Online media for Emmanuel Macron, land for Marine Le Pen, Valérie Pécresse, Yannick Jadot: the candidates are taking advantage of the last hours of the official first-round campaign on Friday to call back voters, hoping to convince undecided and potential abstainers.
After a last salvo of meetings Thursday evening, the campaign ends Friday at midnight in mainland France.
Public meetings, distribution of leaflets and digital propaganda of the candidates will be prohibited. No interview, poll or estimate of results may be published before the results on Sunday at 8:00 p.m.
Thursday afternoon, 69% of the 47.9 million electoral envelopes had been distributed to voters’ mailboxes, according to the Ministry of the Interior.
In Guadeloupe, Guyana, Martinique, in Saint-Barthélemy, Saint-Martin, Saint-Pierre-et-Miquelon and in French Polynesia where the ballot is brought forward to Saturday, the campaign ended locally Thursday at midnight.
– Gap narrowed –
It is the end of an extraordinary first round campaign for the Fifth Republic: frozen by the Covid-19 crisis, and swallowed up by the war in Ukraine.
By fueling soaring energy and food prices, the conflict has further underlined the urgency of providing answers to the French on their purchasing power, their primary concern.
In this context, the voting intentions measured by the pollsters draw a scenario identical to that of 2017, with Emmanuel Macron and the RN candidate Marine Le Pen qualified for the second round, and Mr. Macron victorious in the end.

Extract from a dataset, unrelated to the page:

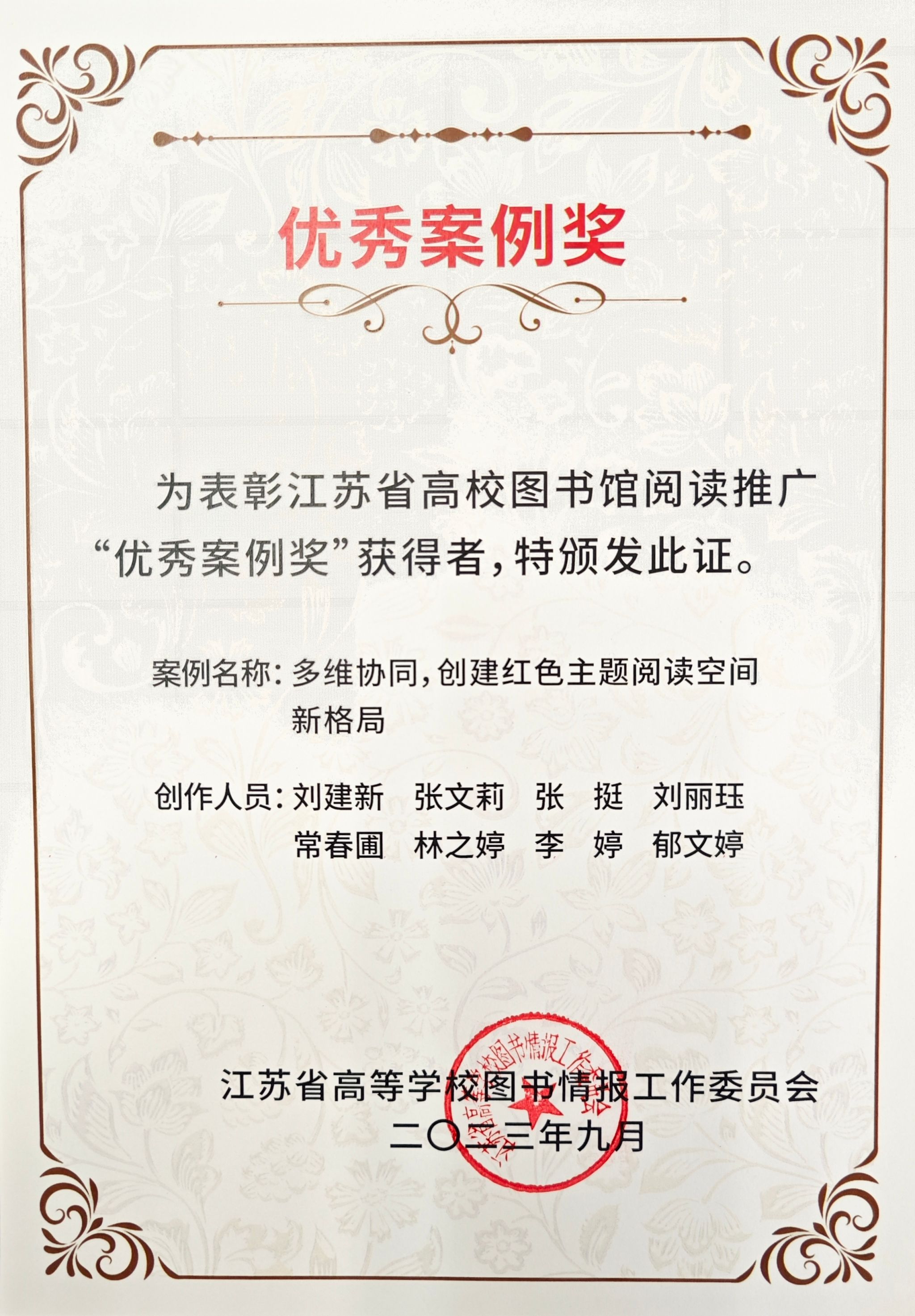 为全面推进江苏省高校全民阅读工作深入开展,深入交流各高校图书馆阅读推广工作经验,增强图书馆人的创新服务意识,提高图书馆知识服务水平,形成爱读书、读好书、善读书的浓厚氛围,今年上半年由江苏省高等凯发图书情报工作委员会主办,面向全省高校开展了阅读推广优秀案例征集活动。经各高校图书馆推荐申报、专家评审及专委会主任会议审议,并经各单位公示、师德师风审核合格,共评选出48项“优秀案例奖”。我校图书馆申报案例位列其中。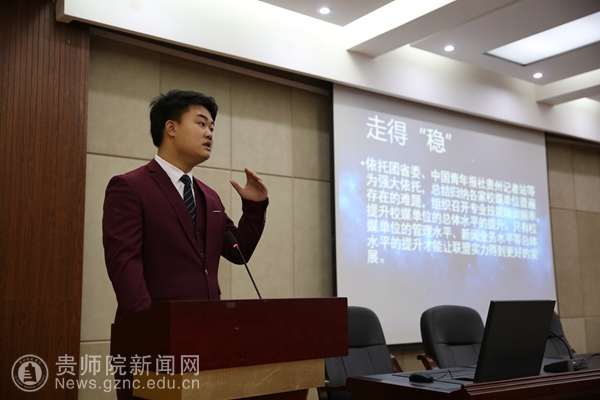 本网讯 4月23日上午,中国(贵州)高校传媒联盟主席团换届大会在伟德官网明辨楼道德讲堂召开,贵州高校传媒联盟秘书长白皓、前主席团成员及全省40家高校会员媒体共同参加,本次换届共有十三名同学参与竞选。

But is it guaranteed? In the event of a second round Macron / Le Pen, the “republican front” to block the way to the far-right candidate could crack while the five-year term has seen the birth of a current of “anti-macronism” in public opinion.
Ms. Le Pen, who has worked to smooth her image even if her project remains “radical” on the migratory and institutional levels, climbs by 2 points in one week, to 22%.
While voting intentions for Mr. Macron, who campaigned at a minimum, have declined by the same amount, to 26%, according to the latest OpinionWay-Kéa Partners barometer published on Thursday.
And the gap narrows in the second round: Emmanuel Macron would win against Marine Le Pen by 53-47%, against 55-45% a week ago.
At a meeting in Perpignan on Thursday evening, Mrs. Le Pen judged that “the alternative is simple: it will be either dilution in a great global magma via a European Union which is the prelude to it, or the affirmation of the Nation” as ” most protective space for our own”. She exclusively attacked Emmanuel Macron, “boxer stunned” by crises.
The president-candidate maintains for his part in Le Parisien Friday that the “fundamentals” of the candidate RN “have not changed: it is a racist program, which aims to divide society and of great brutality”. “Marine Le Pen has a false social program, because she does not finance it,” he adds.
Third in the voting intentions at around 16%, the candidate La France insoumise (LFI) Jean-Luc Mélenchon hopes to play the spoilsports, brandishing the need for a “useful vote” which would allow the left to hoist in the second round.
The level of abstention, which could reach or even exceed the record of 28.4% in 2002 (22.2% in 2017), will be one of the keys to explaining the election results.
– Media, toll, aperitif –
To be visible until the last minute in the media, Emmanuel Macron gives an interview on RTL early in the morning and another at 7:00 p.m. on the online media Brut, popular with young people.
Morning broadcast for Marine Le Pen also on Franceinfo from Perpignan, then she will go to meditate in front of the Wall of the French disappeared in Algeria.
On the right, Valérie Pécresse, elbow-to-elbow around 9% with the far-right candidate Eric Zemmour, will be in Cairanne (Vaucluse) to discuss with winegrowers, while Nicolas Dupont-Aignan (Debout la France, 2 %) makes a “toll operation” on that of Saint-Arnoult (Yvelines) and goes to Mont Valérien.
Ecologist Yannick Jadot (5%) visits Lyon “the largest public biomass boiler room in France”.
Still on the left, the communist Fabien Roussel (5%) held an “end-of-campaign Apéroussel” in Paris, while the NPA candidate Philippe Poutou and the Lutte Ouvrière candidate Nathalie Arthaud (1% each) held their last meetings in Grenoble. for the first and Rouen for the second.